The first change that is needed, which we might call fair shares at Westminster, is straightforward and indeed was at one point close to being achieved. The sixth periodic review of Westminster constituencies, which began in 2011, was required first to keep to exactly 600 constituencies and secondly to keep the electorate of each constituency within 5% of the UK average. This is a difficult balance and though it would have required a nearly complete redrawing of the electoral map it would have ensured a sharing of seats between the parts of the UK closely matching their share of the total electorate. It was defeated by petty party politics and squabbling within the coalition. The Liberal Democrats, sulking because their proposals for Lords reform had come to nothing, withdrew support for the review’s recommendations and the four boundary commissions stopped work without producing their final reports. The review has been delayed until at least 2018. This means the next government will be three years into its term before negotiations resume, the boundary commissions will need at least to revise the work done already and the likelihood of proposals that are radical by Westminster standards being passed will be small, as well of course as being dependent on who is in power.

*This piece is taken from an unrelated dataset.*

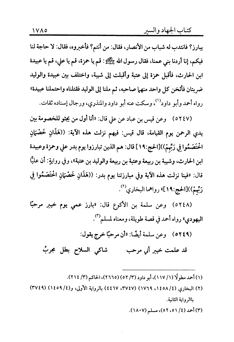 5248 - وعن سلمة بن الأكوع قال: «بارز عمي يوم خيبر مرحبًا اليهودي» رواه أحمد في قصة طويلة ومعناه لمسلم (¬3) .

However it is more the legislative effects of devolution that are causing resentment in England. To appreciate how this mess has developed it helps to look at some history.



Devolution in Northern Ireland goes back to the Government of Ireland Act of 1920. This extraordinary piece of legislation (in fairness it was trying to deal with a very intractable problem) provided for the Lord Lieutenant (a long-standing post) to preside in the name of the Crown over separate parliaments for ‘Southern Ireland’ and ‘Northern Ireland’ (I simplify). The two states were to be self-governing in most matters with a short list of areas of legislation reserved to the UK parliament in Westminster: principally succession to the Crown, defence, foreign affairs, international trade, and currency.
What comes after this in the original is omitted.